I’ve been investing with Fundrise since 2018. Disclosure: when you sign up with my link, I earn a commission. All opinions are my own. |
Some are true do-it-yourself type investment platforms, while others offer complete investment management.
Which online investing platform should you choose? We’ll jump right into the top online investment brokers that we have reviewed and feel comfortable recommending. A little bit later on, we’ll cover the basic types of online investing platforms.
Table of Contents
Our Top Online Investing Brokers by Category
- Betterment – Fully Hands-off Platform
- Fundrise – Best Real Estate Investment
- LendingClub – Best Alternative Investment
- E*TRADE – Top for Active Traders
- TD Ameritrade – Top IRA Provider
- Ally Invest – Top Full Featured Brokerage
- Acorns – Automatic Savings and Investing
- Motif Investing – Most Creative Platform
- Types of Online Investments
- Online Investing Summary
Our Picks for the Top Online Investment Brokers:
Betterment: Best Fully Hands-off Online Investment Platform
This award goes to Betterment, the heavyweight champion of the robo-advisor world. It’s a very low-cost way to obtain professional investment management, and you can open an account with no money whatsoever.
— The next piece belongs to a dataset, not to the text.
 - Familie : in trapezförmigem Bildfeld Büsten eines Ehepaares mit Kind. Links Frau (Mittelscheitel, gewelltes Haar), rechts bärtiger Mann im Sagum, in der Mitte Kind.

It’s a completely hands-off online investing platform, which means that you complete an application, answer a few investment-related questions, fund your account, and Betterment handles everything for you from there forever more.
Betterment charges an annual fee equal to just 0.25% of your account balance. That means you can have $10,000 managed for $25 per year, or $100,000 managed for just $250. That includes portfolio selection, rebalancing, and even tax loss harvesting. That’s a lot of management for a very low fee.
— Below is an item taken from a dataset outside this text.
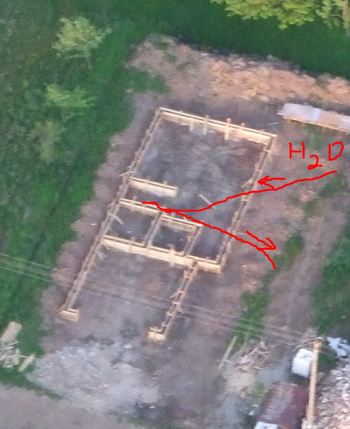 Na ka, pamatai baigti. Labai dziaugiuos kad lyja, nereik vaziuoti ir laistyti pamatu :) Pats vakar nustebau kaip greitai pavyko islieti su tuo siurbliu pamatus, viskas truko gal 40min o gal ir greiciau. Deja aisku buvo ir blogumu, nes skaiciavau kad turetu buti teoriskai 8,5m3 betono, uzmeciau iki 9m3, deja pritrukom 0,5m3. Gerai kad turim masinele tokia, tai po 30min atveze tuos papildomus 0,5m3 betono ir viska graziai uzliejom. Dabar reik tik santechniko pagalbos,t.y. konsultacijos. Gal cia toks butu? :) Zodziu ar taip imanoma padaryti?Pridedu paveiksleli. kazkaip baisu kad po n metu jei vamzdis kanalizacijos ar vandens truktų tai butu jau nekas. o aplink eiti tai irgi nesamone butu manau. Architektas tik ryt brezini duos, bet noriu pasikonsultuoti ir su jumis nes antradieni jau zadu kasti. o i savaites gala jau uzpils viska zvyru. Deja pakeisti valymo irenginiu ir grezinio vietos negaliu.
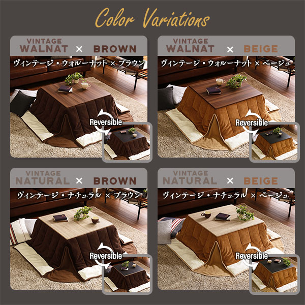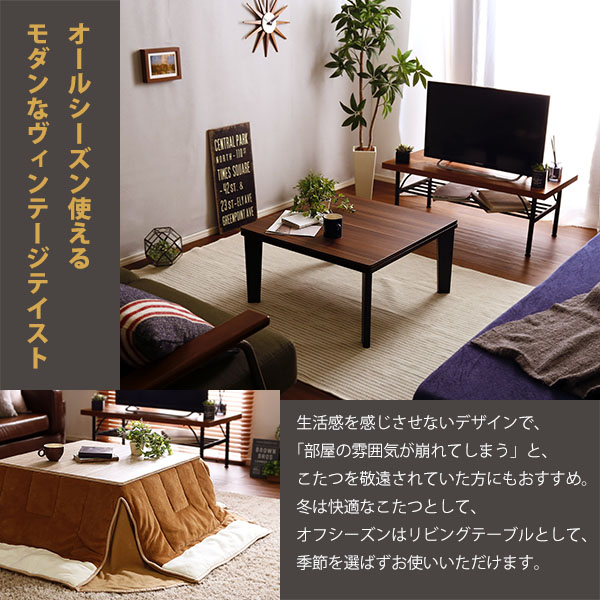 ●モダンなヴィンテージテイストのおしゃれなこたつとふわもこ布団のセットですぐに使える

Set up an account with Betterment>>
Fundrise: Best Real Estate Investment
You may be thinking, “Jeff, how can I invest in real estate online, when real estate is a real product.” The way to do this is through a REIT.
REIT stands for “Real Estate Investment Trust”. The short explanation is that you put your money into the trust and someone else invests it for you.
These types of accounts used to only be available to accredited investors (people with more than $1 million in investments), but Fundrise has come out and made REITs available to people with a minimum investment of $10.
Open an account with Fundrise>>
LendingClub: Best Alternative Investment
LendingClub is a peer-to-peer platform that allows you to invest in ventures that interest you, with low minimum investments and high rewards between 3-8% historically. As an investor, you need $1000 to open an account and a $25 minimum on your first investment.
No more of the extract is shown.